When I'd written the first edition, though, I had no idea that a second edition would
be called for, and since it was my first book ever, I hadn't thought about how to
make it easy to update. Bad move, and the update took a lot of work, much more than
than it could have if I'd designed the book with updates in mind.

For some reason, I didn't turn in any of the chapters while I was working, instead
holding on to them so I could run some Nisus
Writer macros over the entire book at the last minute, before I had to convert
to Word format for submission to Hayden. This had the unfortunate effect of making
my deadline, shall we say, a bit tight. Tonya and I were married on June 15th, 1991,
and I remember the deadline well when thinking back on the process of writing the
second edition. It was June 14th, and I was cranking all day. The day turned to night,
and gradually, the night turned back to day, just as I was finishing. I sent all
the files to my editor via email at 5 AM, fell into bed, and woke up at 10 AM to
spend our anniversary day relaxing with Tonya.

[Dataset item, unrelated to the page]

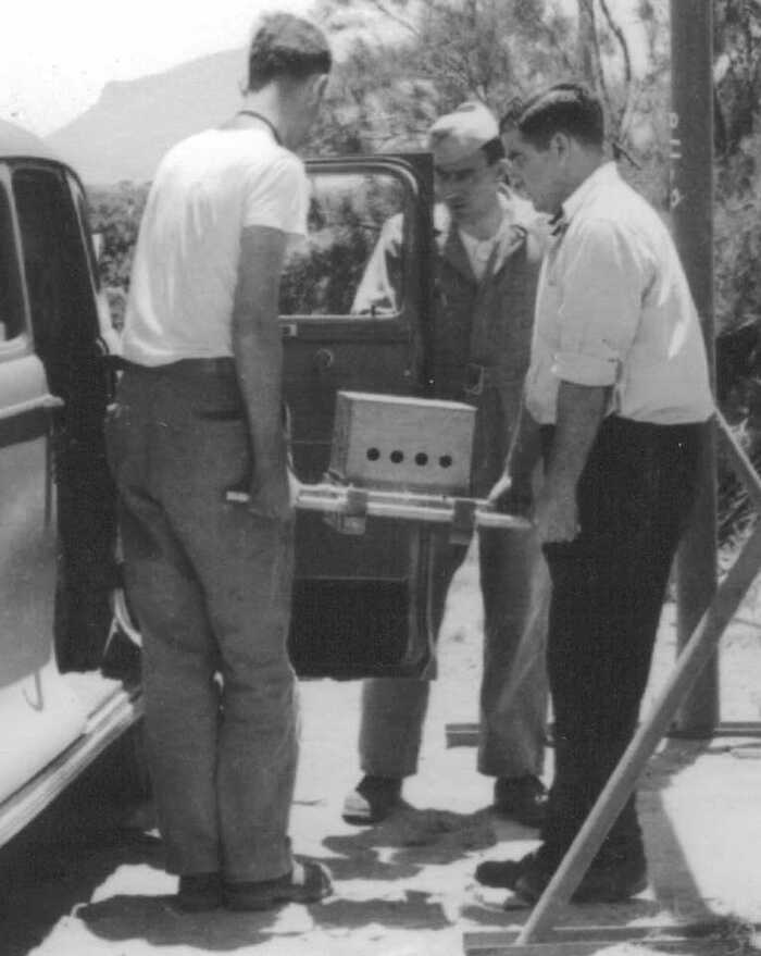 Подготовка первого в мире ядерного испытания, Тринити. Первый и второй человек слева - наши герои, Злотин и Даглян
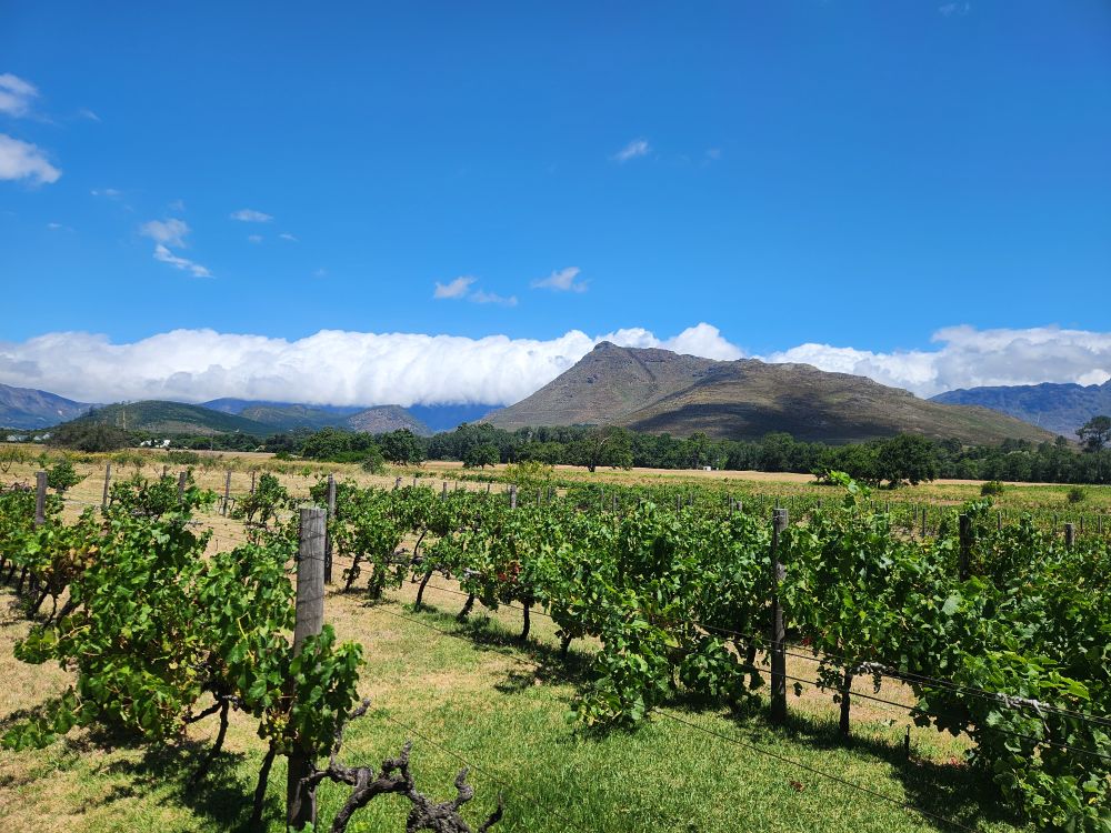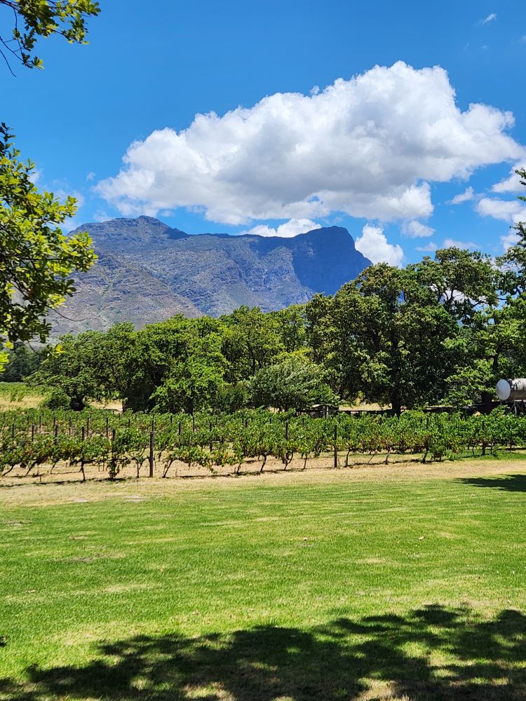Everyone is on time, which is a bonus, and the drive to Stellenbosch is pretty and uneventful. Colleen is a great guide – filling everyone in on all the details and history of the area as we make our way out of the city, watching as Table Mountain is enveloped in clouds. That’s the typical Table Mountain tableau.

Unfortunately, it wasn't over. Several weeks later, when Peter
Lewis, author of numerous Macintosh Internet programs, was visiting, my editor
woke me up one morning with a phone call (easy to do since Indianapolis, where Hayden
is located, is either two or three hours ahead of where we are on the west coast,
depending on Daylight Savings Time, which Indianapolis doesn't honor). He asked,
"Are you sitting down?" I replied, somewhat crossly, "No, I'm lying
down, because I haven't even gotten out of bed yet." He said, "Good, that's
even better, because we have to cut 150 pages from the book right now because it's
too large to be bound the way we can afford to bind it."

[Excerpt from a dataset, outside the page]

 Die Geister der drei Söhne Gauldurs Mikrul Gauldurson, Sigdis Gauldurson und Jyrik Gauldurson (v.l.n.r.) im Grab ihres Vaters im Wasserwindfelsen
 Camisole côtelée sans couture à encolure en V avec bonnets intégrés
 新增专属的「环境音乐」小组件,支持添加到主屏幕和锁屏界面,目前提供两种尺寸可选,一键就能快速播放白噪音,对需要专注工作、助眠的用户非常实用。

I gasped. I knew the book was long, but I thought Hayden wanted it long, so I hadn't
attempted to mince words. But 150 pages! Through the course of the morning and several
phone calls, my editor and I gradually worked out a plan for deleting one appendix
and shortening several others to save our 150 pages. Lists of Internet providers,
Usenet newsgroups, and Internet resources had bulked up the first edition, and they'd
only increased in size for the second edition. It worked out well in the end, but
if I'd been prone to heart attacks...
Needless to say, Peter thought it was tremendously amusing.
The second edition of Internet Starter Kit for Macintosh went on to become the best selling of all versions and editions, helped in part by a book club deal that made it one of the free books you got if you signed up. It was also the first edition of the book to be put in a box and sold in the software channel, something that proved rather successful for several years. Confusingly, the box version was known as Internet Starter Kit for Macintosh 1.0, despite the fact that it was the second edition of the book.